Tatyana Kosterina

Personal information
- Full name: Tatyana Vladimirovna Kosterina
- Born: Tatyana Kosterina 17 July 1977 (age 48) Nizhny Novgorod, Russia

Sport
- Country: Germany
- Sport: Equestrian

Achievements and titles
- World finals: 2018 World Equestrian Games
- Personal best(s): 72.300% (GP) 73.961% (GPS) 73.895% (GPF)

= Tatyana Kosterina =

Russian equestrian

Tatyana Vladimirovna Kosterina (Татьяна Владимировна Костерина; born 17 July 1977) is a Russian dressage rider. She competed at the 2018 World Equestrian Games, multiple European Dressage Championships, and competed as part of the Russian dressage team at the delayed Tokyo 2020 Olympic Games.

Kosterina made her championships debut at the 2017 European Championships in Gothenburg, Sweden, where she placed 18th individually aboard Diavolessa and was the highest ranked Russian athlete.

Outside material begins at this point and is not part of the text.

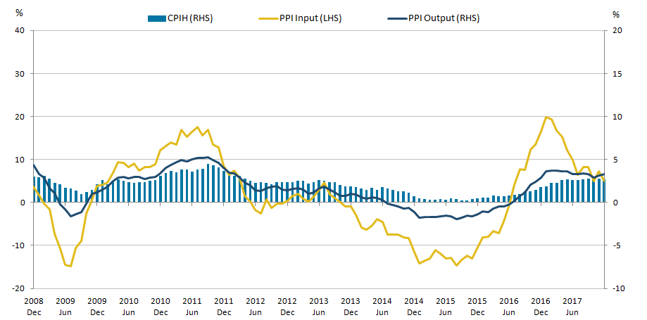 Download this image Figure 1: Annual growth rate for Producer Price Index (PPI) input (left-hand side), PPI output and Consumer Prices Index including owner occupiers' housing costs (CPIH) (right-hand side)

She went on to compete with Diavolessa at the 2018 World Equestrian Games and the 2019 European Championships, where she finished 35th and 33rd individually, respectively. Her highest team placing came at the 2019 Europeans, when the Russian team finished 9th.

Her best individual placement was at the 2017 CDI Hamburg Dressage Derby Grand Prix, where she won with a score of 72.300% on the Hanoverian mare Diavolessa vA.

Kosterina has been living and training in Germany since 2007. In May 2025, she acquired German citizenship in addition to her Russian citizenship, and as of July 2025, her sporting nationality is also German.